Written by  Paul Greco

2012 U.S. Dist. LEXIS 66593 (D.D.C. 2012)


The heightened threat and increased public awareness of international terrorism, particularly in the wake of domestic catastrophes like the World Trade Center bombing of 1993, the Oklahoma City bombing, and the September 11th terrorist attacks, has motivated legislative efforts to rein in the financial support behind terrorist organizations.Since the early 90’s, legislation drafted with the specific aim of creating a private cause of action against terrorist organizations and supporters of terrorism worldwide have included the Antiterrorism Act of 1991 (ATA), the Torture Victim Protection Act of 1991 (TVPA), and provisions of the Antiterrorism and Effective Death Penalty Act of 1996 (AEDPA).

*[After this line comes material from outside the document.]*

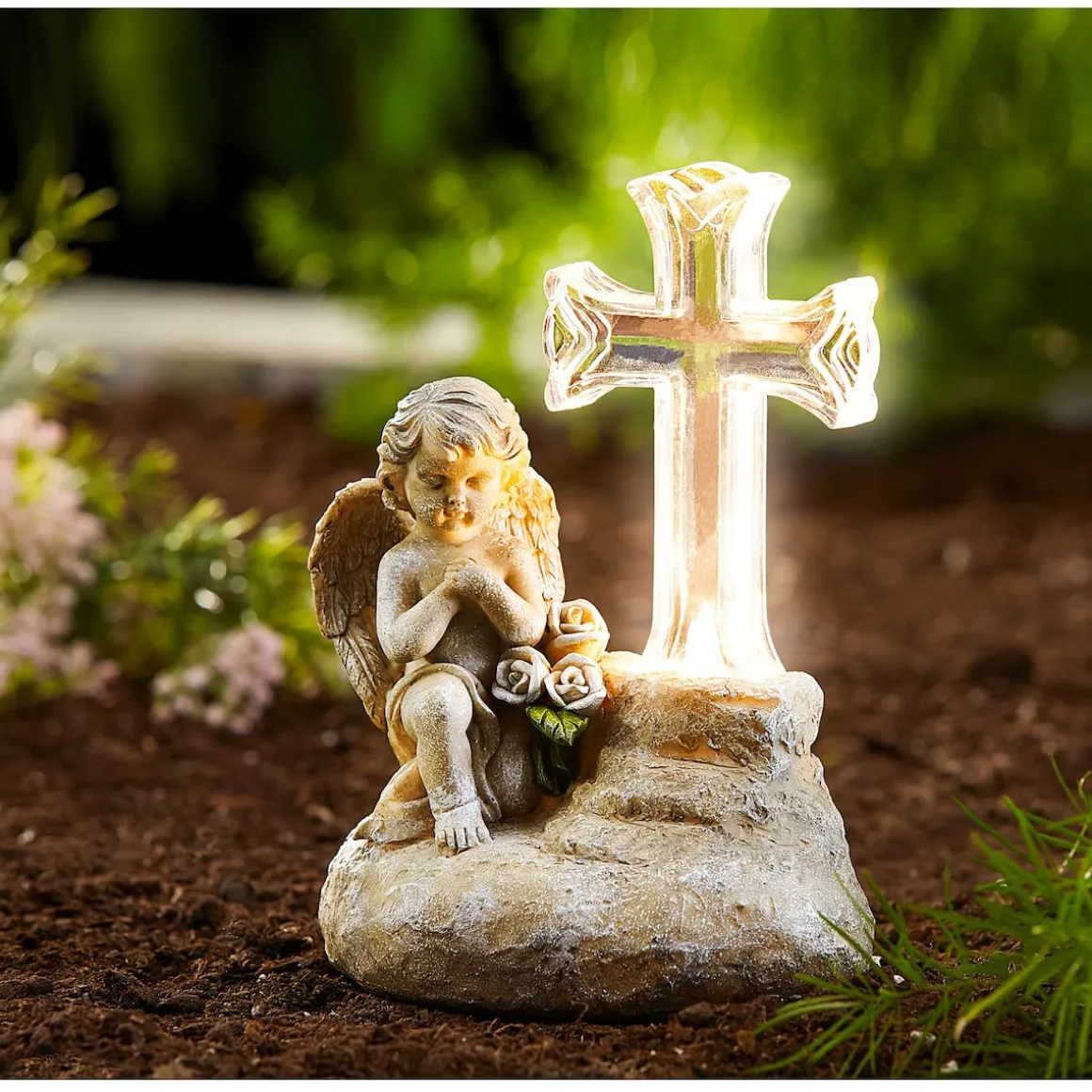 Dieser Solar-Gedenkengel ist mehr als nur eine Grabdeko. Als geistiger Bote leuchtet er in der Dunkelheit und spendet nicht nur Licht, sondern auch Frieden, Geborgenheit und Trost. Hergestellt aus Kunststein, verfügt er über ein transparentes Kreuz, das sanft dank LED beleuchtet wird.

The state-sponsor of terrorism exception to the Foreign Sovereign Immunities Act of 1976 (FSIA) has also developed through federal statutes subsequent to AEDPA and case precedent5 to become an effective means of targeting states that financially support acts of terrorism.

The recent decision in Wultz v. Islamic Republic of Iran tested this new provision as well as the rapid expansion of the exception that has occurred in the past fifteen years. In Wultz, the District Court for the District of Columbia entered a default judgment in favor of the plaintiffs, the estate, and the family of a sixteen-year-old American citizen killed in a suicide bombing in Tel Aviv. The case was brought under the private cause of action provision of § 1605A against Iran and Syria for supporting the terrorist organization that carried out the attack and vicariously committing an extrajudicial murder. The court ultimately awarded plaintiffs $332,068,634 in compensatory and punitive damages. The decision in Wultz demonstrates the Court’s agreement with Congress as to the statute’s aim of holding state supporters of terrorism accountable for their actions. It also demonstrates the merits underpinning the concern that lack of cooperation on the part of Iran, Syria, and other defendants in future cases brought under § 1605A will likely hinder the more concrete goals of compensating victims of terrorism and cutting off sources of funding for terror.